Suppose that your friend gets 3 correct. Then you would probably conclude that only guessing is involved, because you would recognize that there is a high probability that there would be 3 correct answers even though only 2 correct are expected under the null hypothesis. You expect that exactly 2 answers in 10 trials would be correct in the long run, if you conducted this experiment with this subject over and over again. However, small deviations away from the expected 2 are highly likely in a sample of 10 trials.

Suppose, though, that your friend gets 7 correct. You might conclude that the results indicate more than random error in this one sample of 10 observations. This conclusion would be based on your intuitive judgment that an outcome of 70% correct when only 20% is expected is very unlikely. At this point, you would decide to reject the null hypothesis and state that the result is significant. A significant result is one that is very unlikely if the null hypothesis is correct.

A key question then becomes: How unlikely does a result have to be before we decide it is significant? A decision rule is determined prior to collecting the data. The probability required for significance is called the alpha level. The most common alpha level probability used is .05. The outcome of the study is considered significant when there is a .05 or less probability of obtaining the results; that is, there are only 5 chances out of 100 that the results were due to random error in one sample from the population. If it is very unlikely that random error is responsible for the obtained results, the null hypothesis is rejected.

Sampling Distributions

You may have been able to judge intuitively that obtaining 7 correct on the 10 trials is very unlikely. Fortunately, we do not have to rely on intuition to determine the probabilities of different outcomes. Table 13.1 shows the probability of actually obtaining each of the possible outcomes in the ESP experiment with 10 trials and a null hypothesis expectation of 20% correct. An outcome of 2 correct answers has the highest probability of occurrence. Also, as intuition would suggest, an outcome of 3 correct is highly probable, but an outcome of 7 correct is highly unlikely.

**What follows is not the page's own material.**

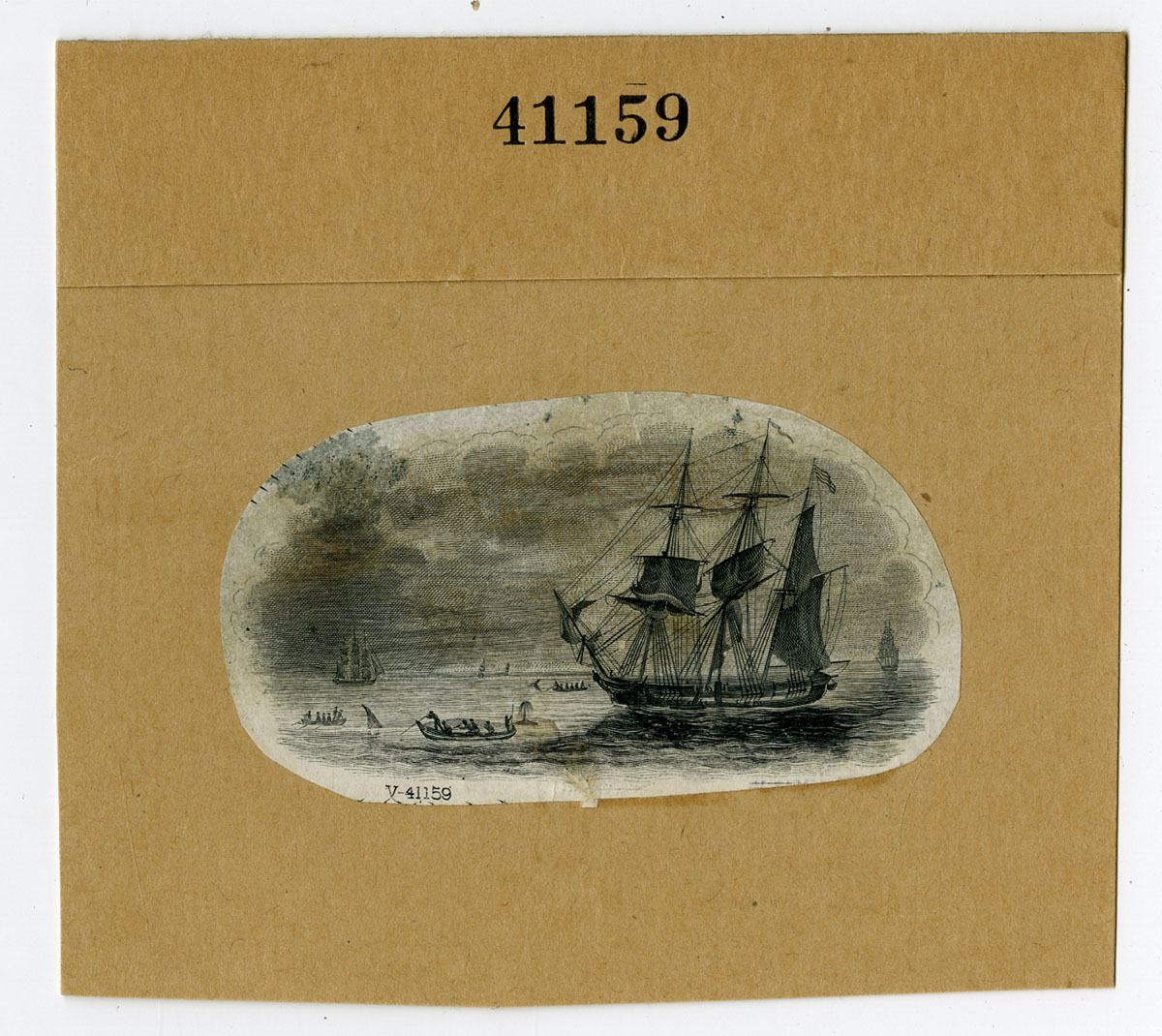 1830-1840's. Proof. 4 by 3.5 inch whaling vignette by TC&Co. Black intaglio print, "V-41159" imprints, Very small whaling scene. Printed on india paper and mounted on manila card. Unique in archive. VF condition., TCC. This vignette was used on U.S. Obsolete banknotes. From the ABNC Archives and printed by an TC&C, an ABNC Predecessor company.

The probabilities shown in Table 13.1 were derived from a probability distribution called the binomial distribution; all statistical significance decisions are based on probability distributions such as this one. Such distributions are called sampling distributions. The sampling distribution is based on the assumption that the null hypothesis is true; in the ESP example, the null hypothesis is that the person is only guessing and should therefore get 20% correct. Such a distribution assumes that if you were to conduct the study with the same number of observations over and over again, the most frequent finding would be 20%. However, because of the random error possible in each sample, there is a certain probability associated with other outcomes. Outcomes that are close to the expected null hypothesis value of 20% are very likely. However, outcomes farther from the expected result are less and less likely if the null hypothesis is correct. When your obtained results are highly unlikely if you are, in fact, sampling from the distribution specified by the null hypothesis, you conclude that the null hypothesis is incorrect. Instead of concluding that your sample results reflect a random deviation from the long-run expectation of 20%, you decide that the null hypothesis is incorrect. That is, you conclude that you have not sampled from the sampling distribution specified by the null hypothesis. Instead, in the case of the ESP example, you decide that your data are from a different sampling distribution in which, if you were to test the person repeatedly, most of the outcomes would be near your obtained result of 7 correct answers.

Page 271

TABLE 13.1 Exact probability of each possible outcome of the ESP experiment with 10 trials

images

All statistical tests rely on sampling distributions to determine the probability that the results are consistent with the null hypothesis. When the obtained data are very unlikely according to null hypothesis expectations (usually a .05 probability or less), the researcher decides to reject the null hypothesis and therefore to accept the research hypothesis.

Sample Size

The ESP example also illustrates the impact of sample size—the total number of observations—on determinations of statistical significance. Suppose you had tested your friend on 100 trials instead of 10 and had observed 30 correct answers. Just as you had expected 2 correct answers in 10 trials, you would now expect 20 of 100 answers to be correct. However, 30 out of 100 has a much Page 272lower likelihood of occurrence than 3 out of 10. This is because, with more observations sampled, you are more likely to obtain an accurate estimate of the true population value. Thus, as the size of your sample increases, you are more confident that your outcome is actually different from the null hypothesis expectation.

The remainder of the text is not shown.